Record excerpts below:

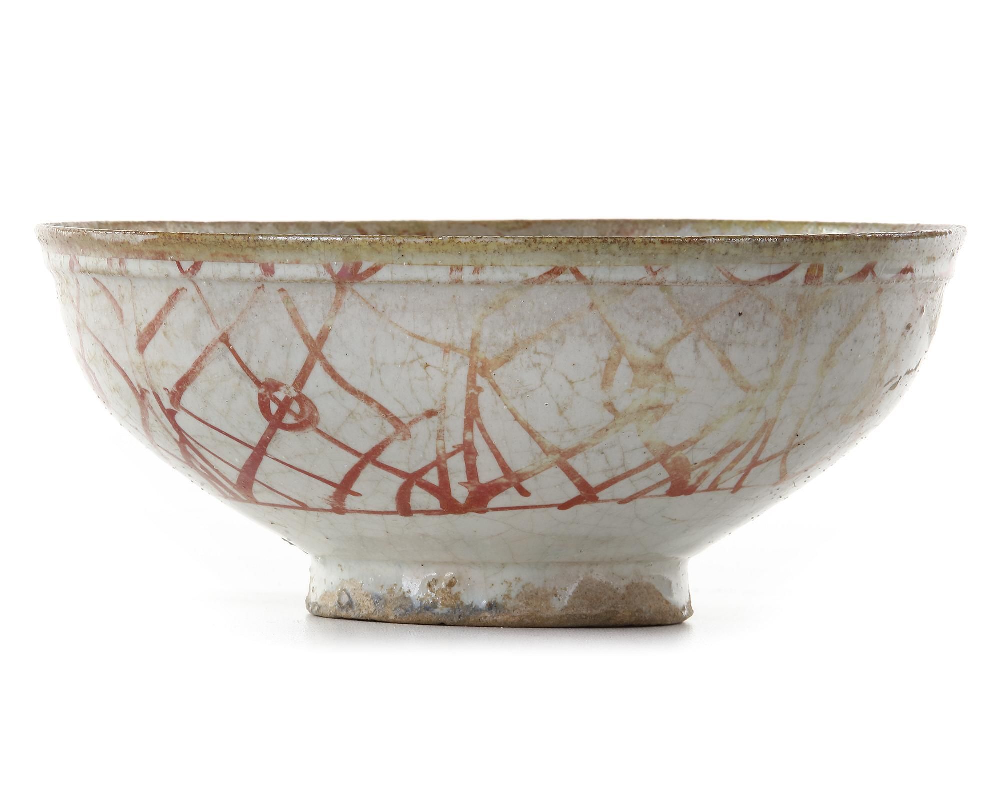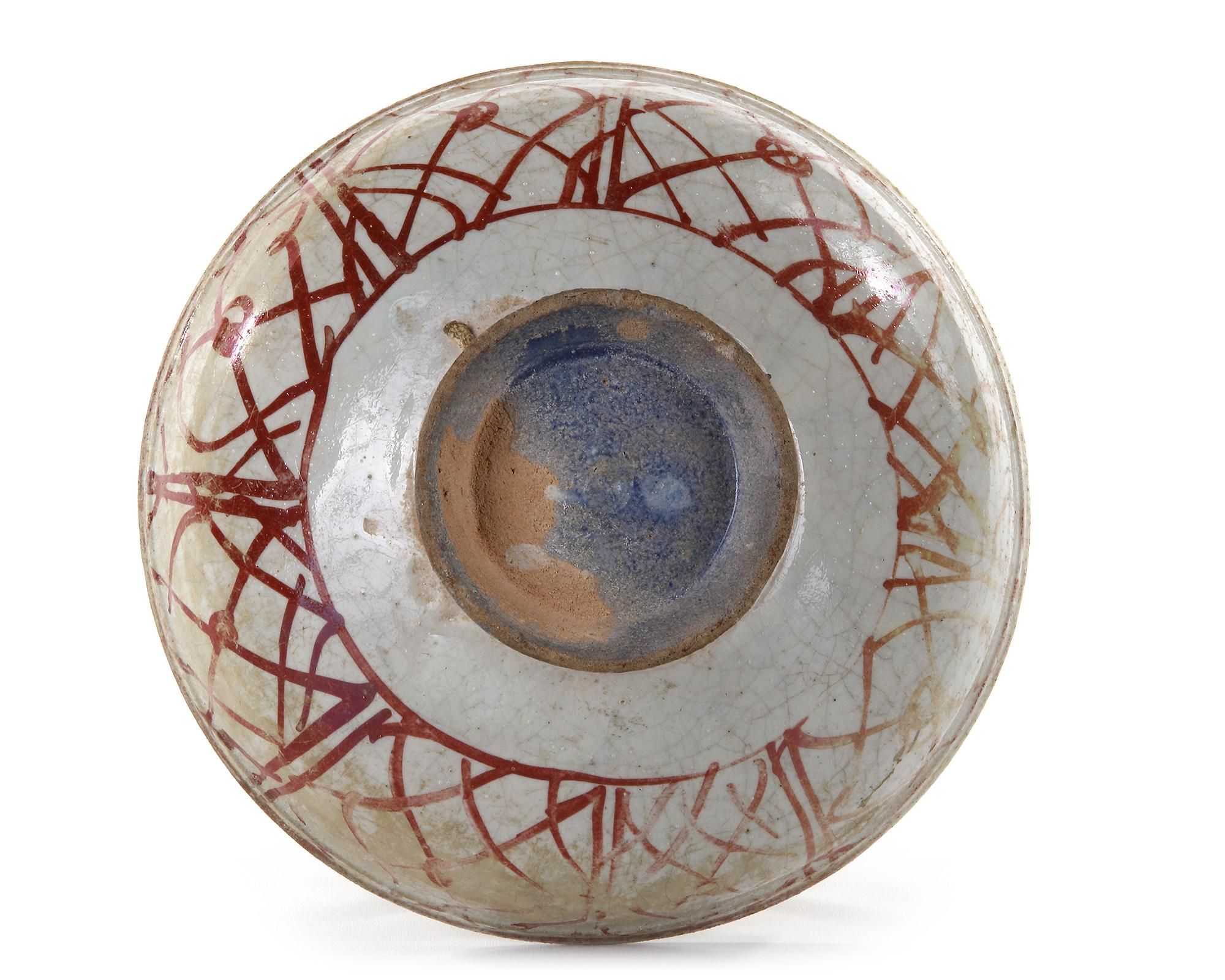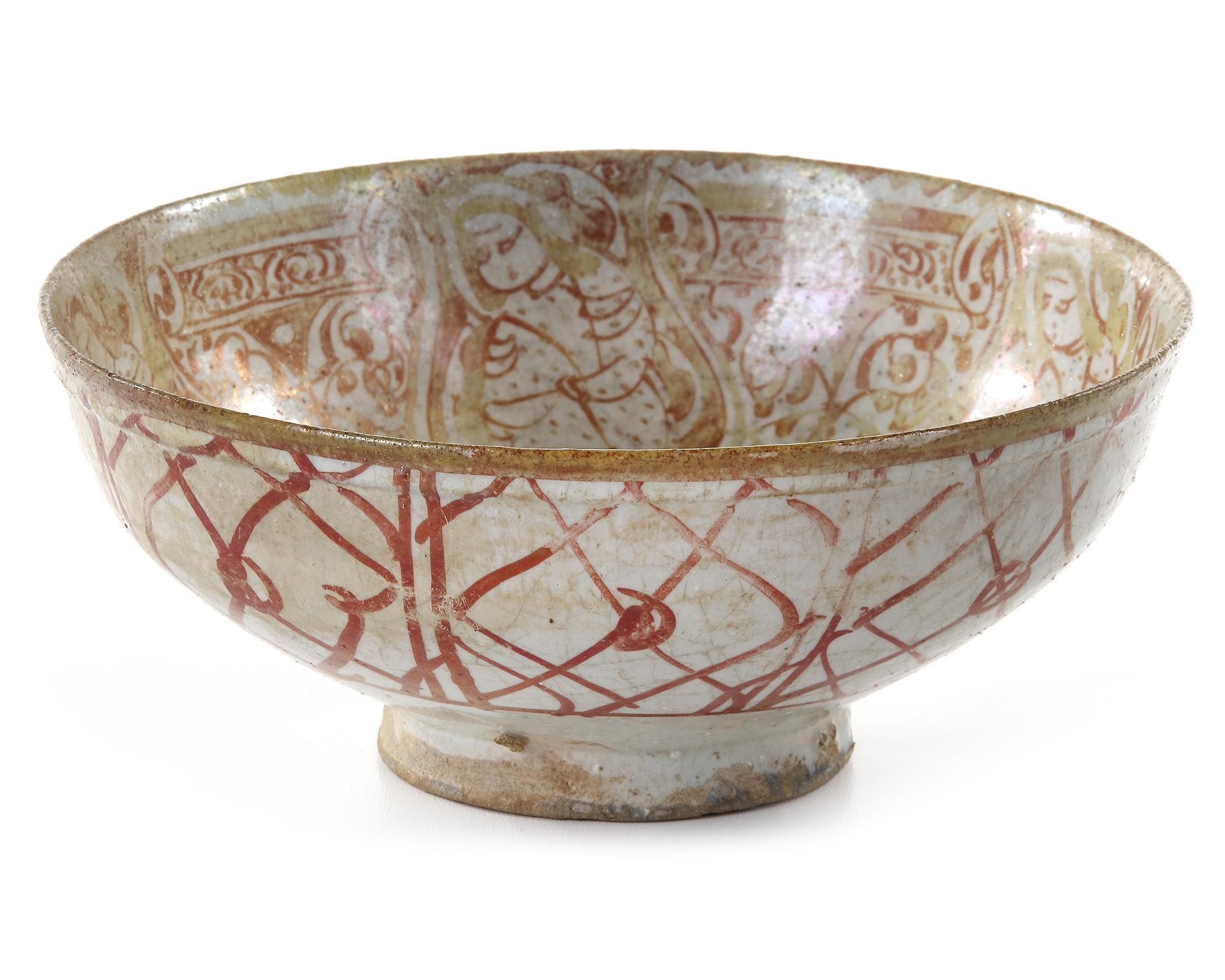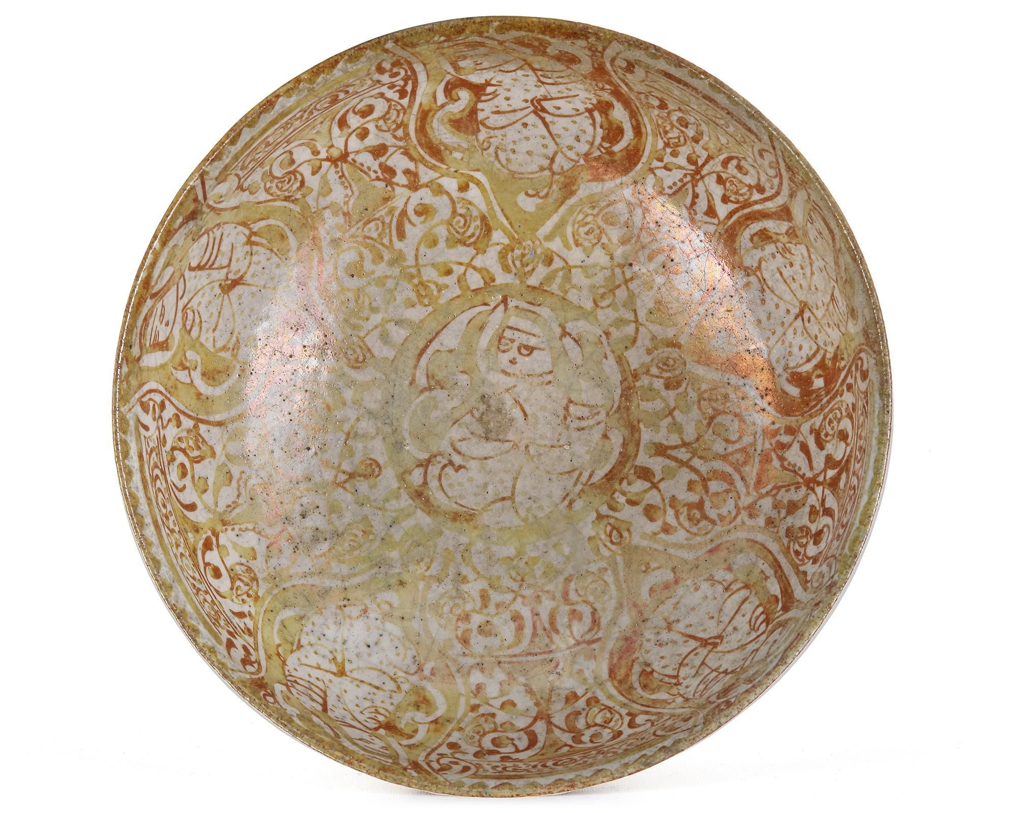 Persian siliceous ceramic bowl with lustrous decoration with metallic reflections on a white background of a frieze of seated figures.
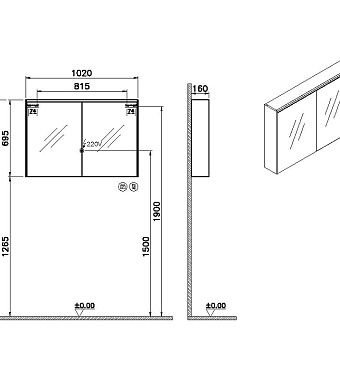Шкаф зеркальный VITRA Core 66912 16х100х70см с подсветкой
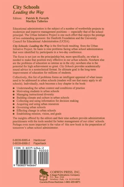 Foreword - Marilyn Tallerico and Patrick B Forsyth Understanding the Urban Context and Conditions of Practice of School Administration - Richard M Englert Motivating Urban Learners - Patrick B Forsyth Managing Instructional Diversity - Linda F Winfield, Ruth Johnson and Joanne B Manning Building Open Climates in Urban Schools - James R Bliss Collecting and Using Information for Problem Solving and Decision Making - Robert O Slater Acquiring and Using Resources - Laurence J Parker Governing Urban Schools - Marilyn Tallerico Effecting Change in Urban Schools - William J Kritek Establishing the Mission, Vision, and Goals - Robert T Stout
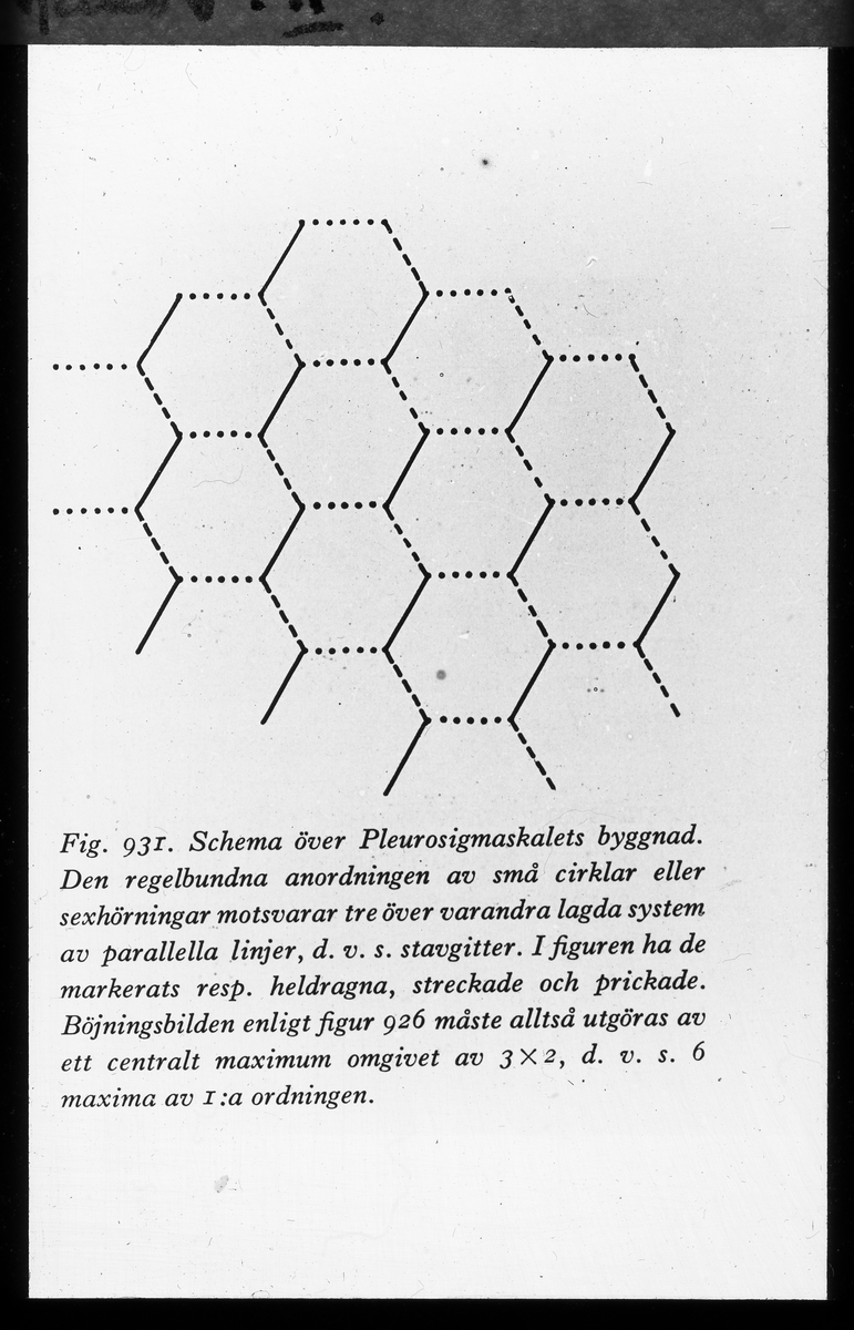 Schema över Pleurosigmaskalets byggnad. Den regelbundna anordningen av små cirklar eller sexhörningar motsvarar tre över varandra lagda system av parallella linjer, d.v.s. stavgitter. I figuren ha de markerats resp. heldragna, streckade och prickade.
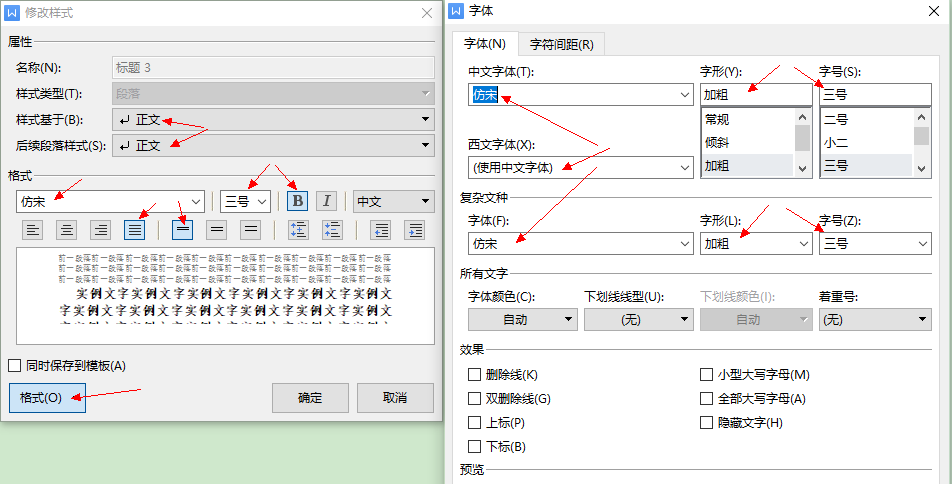 再点击对话框左下角“格式”,分别设置字体和段落。字体对话框设置中文字体、西文字体、复杂文种都为仿宋加粗三号。

End of Record excerpts.

-- About this exercise --
Print the listing exactly, pictures excluded.

-- Exercise output --
 Persian siliceous ceramic bowl with lustrous decoration with metallic reflections on a white background of a frieze of seated figures.
Шкаф зеркальный VITRA Core 66912 16х100х70см с подсветкой
 Foreword - Marilyn Tallerico and Patrick B Forsyth Understanding the Urban Context and Conditions of Practice of School Administration - Richard M Englert Motivating Urban Learners - Patrick B Forsyth Managing Instructional Diversity - Linda F Winfield, Ruth Johnson and Joanne B Manning Building Open Climates in Urban Schools - James R Bliss Collecting and Using Information for Problem Solving and Decision Making - Robert O Slater Acquiring and Using Resources - Laurence J Parker Governing Urban Schools - Marilyn Tallerico Effecting Change in Urban Schools - William J Kritek Establishing the Mission, Vision, and Goals - Robert T Stout
 Schema över Pleurosigmaskalets byggnad. Den regelbundna anordningen av små cirklar eller sexhörningar motsvarar tre över varandra lagda system av parallella linjer, d.v.s. stavgitter. I figuren ha de markerats resp. heldragna, streckade och prickade.
 再点击对话框左下角“格式”,分别设置字体和段落。字体对话框设置中文字体、西文字体、复杂文种都为仿宋加粗三号。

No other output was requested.